In October, the government had announced a mega-Rs 2.11 trillion capital infusion into PSBs in the course of next two years, of which Rs 800 billion are to be raised via issuance of bonds by the banks.
The intent of this huge capital infusion is aimed at strengthening the PSBs and to help them clean up their balance sheets of the bad assets they have been plagued over the last several years.
Several mechanisms like referring cases of NPA accounts to National Company Law Tribunal (NCLT) to recover dues as well as selling bad loans to asset reconstruction companies (ARCs)/banks/FIs/NBFCs are also being employed by banks to get rid of the bad assets.
In the latest development, the Union Cabinet has given its nod to a relief package for the financially-stressed telecom sector.
Reportedly, the government agreed to allow more time to the telecom operators to pay for the spectrum bought in auctions, under the new plan and also relaxed the spectrum holding limit for telecom companies to 35% from 25% at present.
These measures are expected to increase the cash flow for telecom operators immediately, providing the operators some relief. Besides, revising the limit for spectrum holding will facilitate consolidation of telecom players and may encourage their participation in future auctions, the reports noted.

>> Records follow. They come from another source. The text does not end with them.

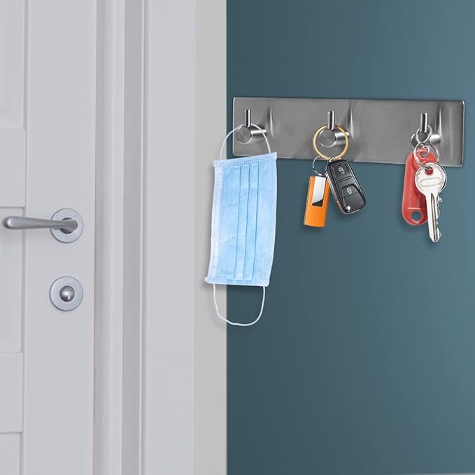 Picowe Key Holder for Wall Decorative, Adhesive Stainless Steel Key Hooks, Key Hanger Key Organizer for Wall, Towel Hook Coat Hanger for Entryway Hallway Kitchen(Three Rows,Sliver 1PCS)
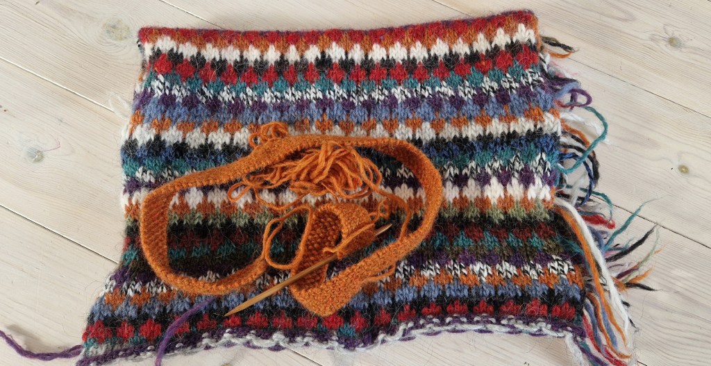 This one is amazing to knit, it is a free pattern from Drops and I am having a blast knitting it. I will probably finish the dark blue Holst titicaca and then start using the purple one I have. I am hoping that I will finish all of the kambgarn with this sweater.
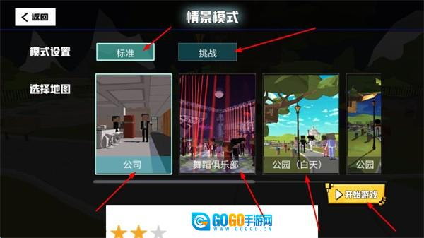 2. 在情境模式选择页面,能够选择标准模式或者挑战模式,接着选取公司类地图开启战斗。
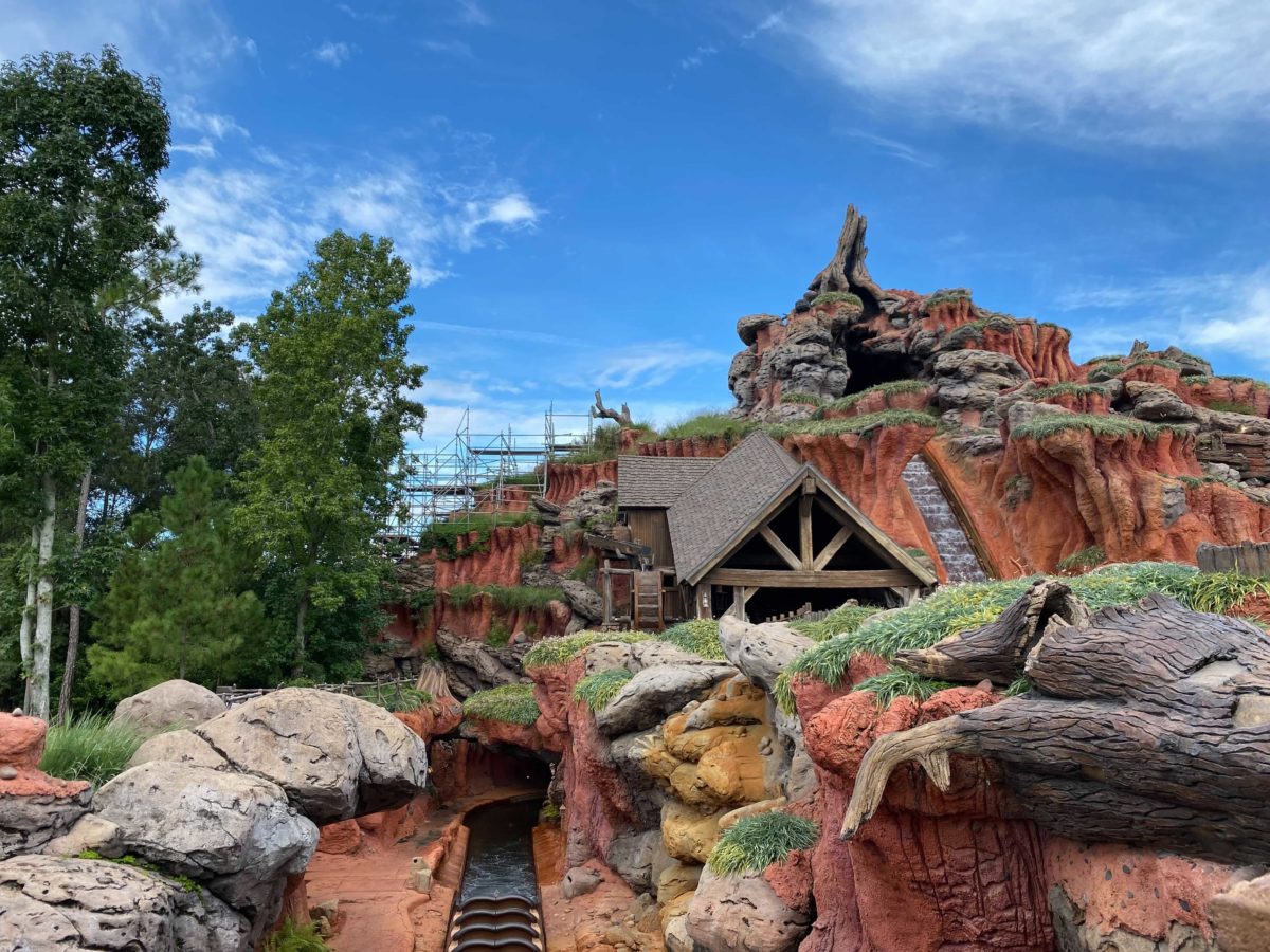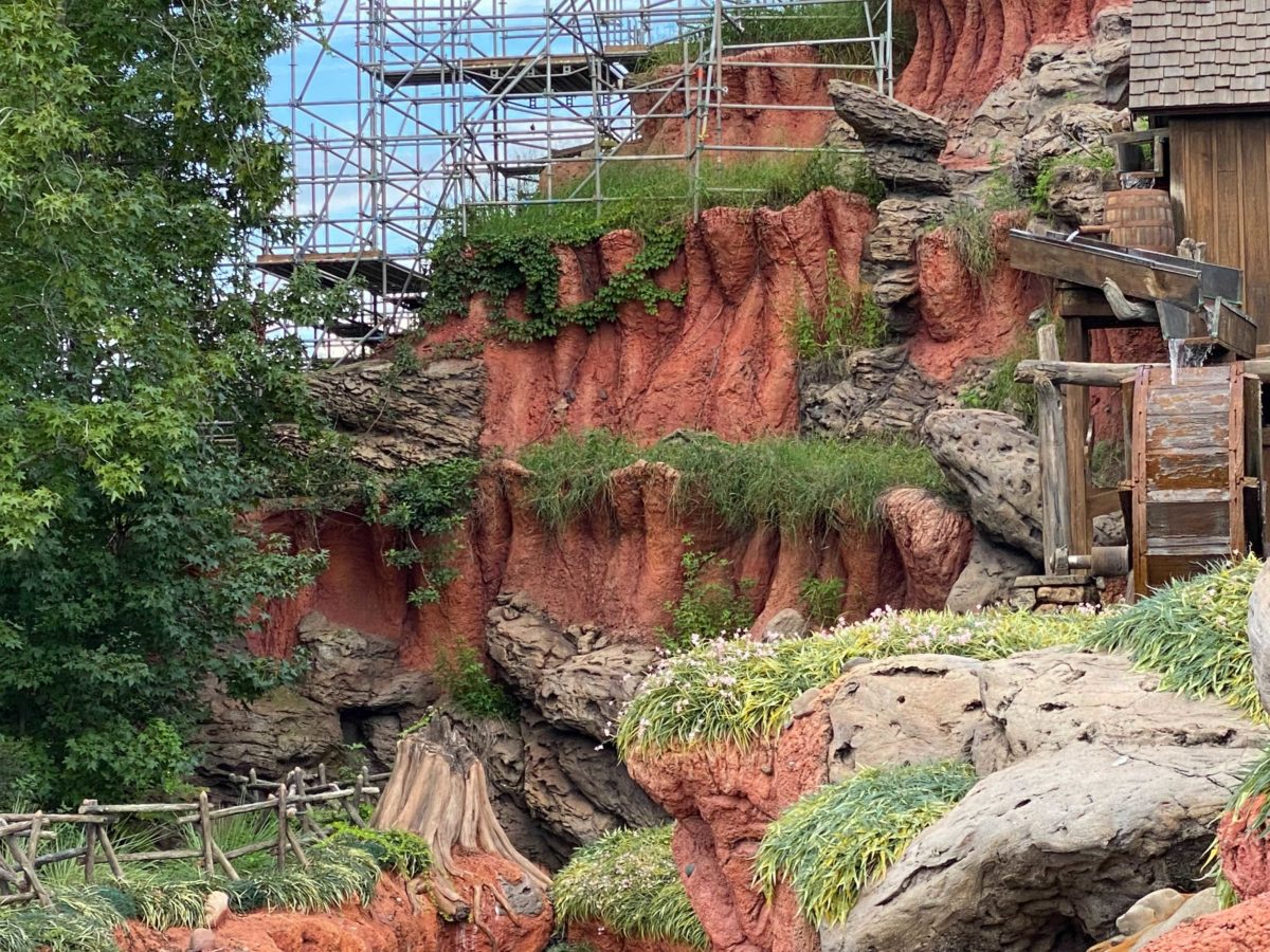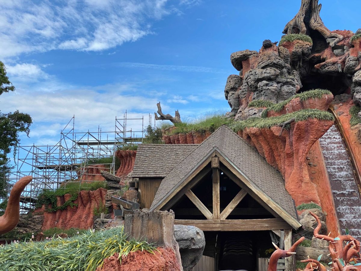 Last month, scaffolding was erected over part of the Splash Mountain façade at Magic Kingdom. As refurbishment of the mountain is completed, scaffolding is now being removed.
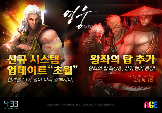 네시삼십삼분(이하 4:33)은 썸에이지가 개발한 모바일 액션 RPG(역할수행게임) '영웅'이 초월, 랜덤 진화 등 기존 영웅 캐릭터를 활용할 수 있는 새로운 시스템이 업데이트됐다고 29일 밝혔다.
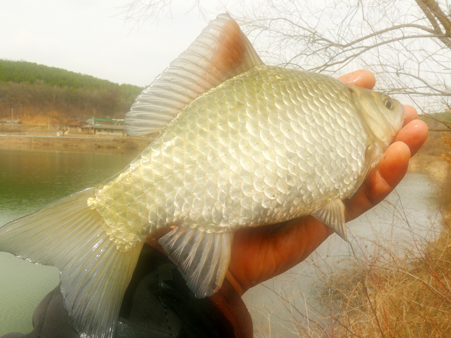 윤교수님이 걸어낸 체고 좋은 소류지 붕어입니다.

Last year, the Inter Ministerial Group (IMG) was tasked to suggest policy reforms and strategic interventions for the troubled sector bruised by falling tariffs, eroding profitability and mounting debt in the face of stiff competition from new entrant Reliance Jio. The IMG, in its recommendations submitted last year, had mooted the extension of time period for the payment of spectrum bought in auctions by operators to 16 years from the current 10 years.